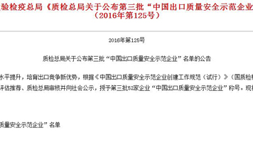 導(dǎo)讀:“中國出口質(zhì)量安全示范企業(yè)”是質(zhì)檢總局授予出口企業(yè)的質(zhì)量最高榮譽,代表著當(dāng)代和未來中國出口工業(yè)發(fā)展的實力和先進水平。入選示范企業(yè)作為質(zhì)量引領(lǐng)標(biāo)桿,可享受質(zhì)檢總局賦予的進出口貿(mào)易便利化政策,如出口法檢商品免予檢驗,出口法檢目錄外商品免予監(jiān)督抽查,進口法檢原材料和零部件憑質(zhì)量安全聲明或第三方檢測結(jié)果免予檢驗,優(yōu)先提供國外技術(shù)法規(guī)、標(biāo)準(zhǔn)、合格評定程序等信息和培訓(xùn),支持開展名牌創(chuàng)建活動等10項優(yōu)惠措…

* * *

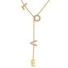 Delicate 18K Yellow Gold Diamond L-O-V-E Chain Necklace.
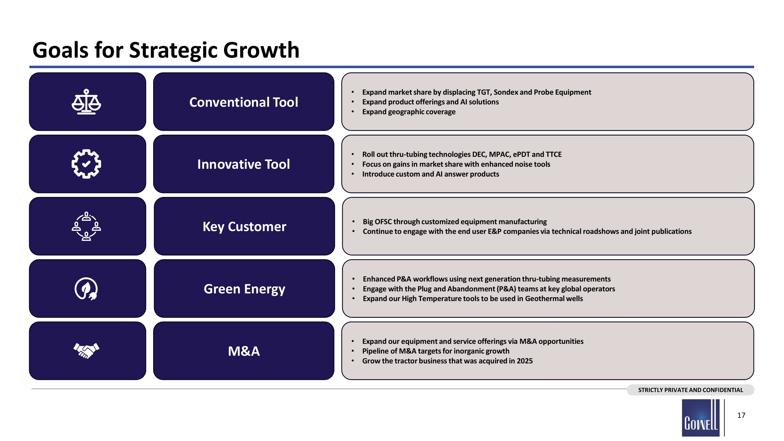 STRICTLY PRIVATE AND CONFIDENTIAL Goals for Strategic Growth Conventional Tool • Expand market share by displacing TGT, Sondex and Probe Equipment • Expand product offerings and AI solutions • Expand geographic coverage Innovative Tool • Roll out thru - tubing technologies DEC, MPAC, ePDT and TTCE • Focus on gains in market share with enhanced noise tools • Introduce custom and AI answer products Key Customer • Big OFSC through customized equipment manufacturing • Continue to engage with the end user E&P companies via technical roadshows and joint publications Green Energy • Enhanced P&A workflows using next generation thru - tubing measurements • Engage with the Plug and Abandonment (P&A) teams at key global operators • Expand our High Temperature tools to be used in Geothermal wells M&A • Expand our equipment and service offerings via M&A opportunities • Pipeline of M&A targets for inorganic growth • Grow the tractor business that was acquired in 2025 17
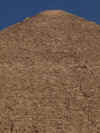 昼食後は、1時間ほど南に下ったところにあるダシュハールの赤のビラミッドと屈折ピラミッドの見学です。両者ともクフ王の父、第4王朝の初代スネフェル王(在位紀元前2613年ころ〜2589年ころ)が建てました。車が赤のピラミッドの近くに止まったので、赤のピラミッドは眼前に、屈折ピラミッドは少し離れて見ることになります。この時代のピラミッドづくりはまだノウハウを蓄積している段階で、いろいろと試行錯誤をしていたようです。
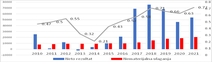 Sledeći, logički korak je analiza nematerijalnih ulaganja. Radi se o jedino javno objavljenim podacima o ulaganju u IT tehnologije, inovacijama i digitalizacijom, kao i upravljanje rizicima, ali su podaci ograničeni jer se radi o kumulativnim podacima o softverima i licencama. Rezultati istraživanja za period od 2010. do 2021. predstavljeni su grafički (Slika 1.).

### How to complete this task
Starting at the line with "Delicate 18K Yellow" in the entries above, write out every line exactly until the line with "Sledeći, logički korak" has been written. Include no pictures and nothing more.

### Task result
 Delicate 18K Yellow Gold Diamond L-O-V-E Chain Necklace.
 STRICTLY PRIVATE AND CONFIDENTIAL Goals for Strategic Growth Conventional Tool • Expand market share by displacing TGT, Sondex and Probe Equipment • Expand product offerings and AI solutions • Expand geographic coverage Innovative Tool • Roll out thru - tubing technologies DEC, MPAC, ePDT and TTCE • Focus on gains in market share with enhanced noise tools • Introduce custom and AI answer products Key Customer • Big OFSC through customized equipment manufacturing • Continue to engage with the end user E&P companies via technical roadshows and joint publications Green Energy • Enhanced P&A workflows using next generation thru - tubing measurements • Engage with the Plug and Abandonment (P&A) teams at key global operators • Expand our High Temperature tools to be used in Geothermal wells M&A • Expand our equipment and service offerings via M&A opportunities • Pipeline of M&A targets for inorganic growth • Grow the tractor business that was acquired in 2025 17
 昼食後は、1時間ほど南に下ったところにあるダシュハールの赤のビラミッドと屈折ピラミッドの見学です。両者ともクフ王の父、第4王朝の初代スネフェル王(在位紀元前2613年ころ〜2589年ころ)が建てました。車が赤のピラミッドの近くに止まったので、赤のピラミッドは眼前に、屈折ピラミッドは少し離れて見ることになります。この時代のピラミッドづくりはまだノウハウを蓄積している段階で、いろいろと試行錯誤をしていたようです。
 Sledeći, logički korak je analiza nematerijalnih ulaganja. Radi se o jedino javno objavljenim podacima o ulaganju u IT tehnologije, inovacijama i digitalizacijom, kao i upravljanje rizicima, ali su podaci ograničeni jer se radi o kumulativnim podacima o softverima i licencama. Rezultati istraživanja za period od 2010. do 2021. predstavljeni su grafički (Slika 1.).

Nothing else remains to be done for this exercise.